The Justice Department — which in 2015 awarded a contract to SOSi for up to five years and a maximum of $80 million — declined to comment on contract interpreters’ employment status. Kathryn Mattingly, a spokeswoman for the department, said SOSi was selected in a competitive process based on “technical evaluation and the best value to the government.”

SOSi, based in Reston, Va., said in a statement before the NLRB filed its complaint that subcontracting interpreters “is not a new practice” and that the views of “the small handful of disgruntled interpreters who have filed protests in various venues do not represent … the majority of qualified professional interpreters.”
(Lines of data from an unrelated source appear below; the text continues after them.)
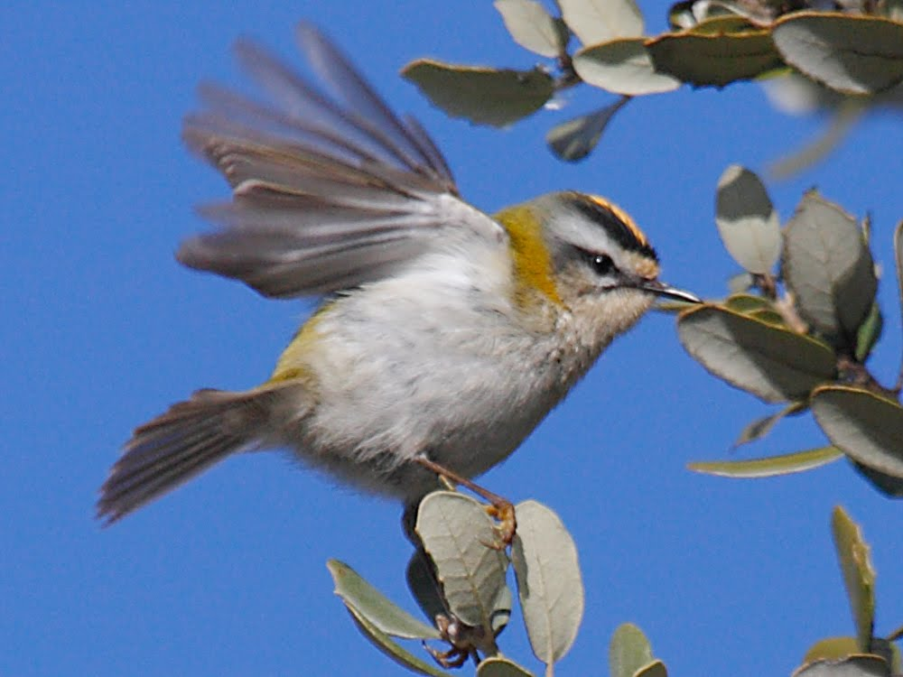 Firecrest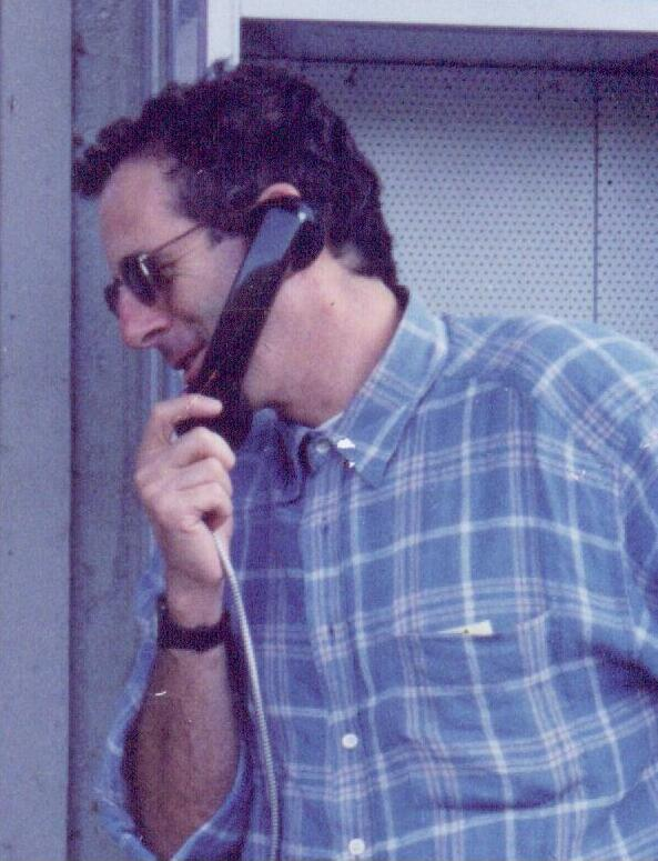 Photo of Joel Swerdlow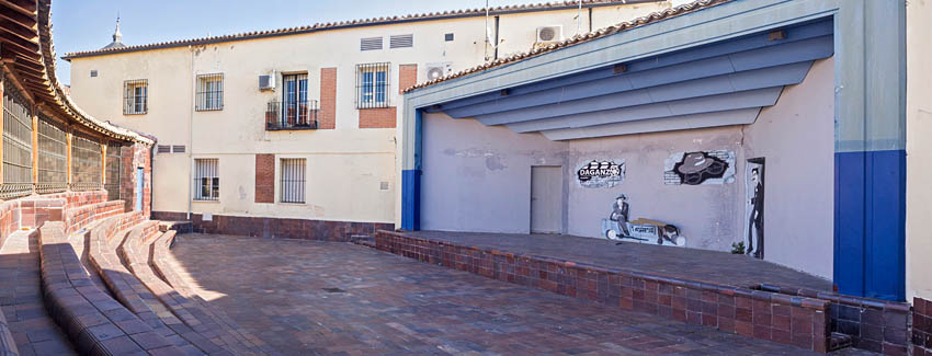 Anfiteatro Enrique Tierno Galván

The case, which now goes to a hearing before an administrative law judge of the NLRB, will affect hundreds of interpreters who work in immigration courts nationwide. Those courts are currently saddled with a backlog of 585,000 cases, according to the Transactional Records Access Clearinghouse at Syracuse University, and they are set to become even busier as President Trump pursues an agenda of mass deportation.

Interpreters play a crucial role in immigration court cases: Only 11% of such cases were completed in English in 2015, according to a Justice Department report.

Though the department directly employs 65 interpreters to staff immigration courts, the vast majority — about 700 — are subcontracted by SOSi. The contractors who complained to the NLRB said they should have been classified as employees because SOSi controlled the means and manner in which they worked — a key test in determining whether a worker is an employee.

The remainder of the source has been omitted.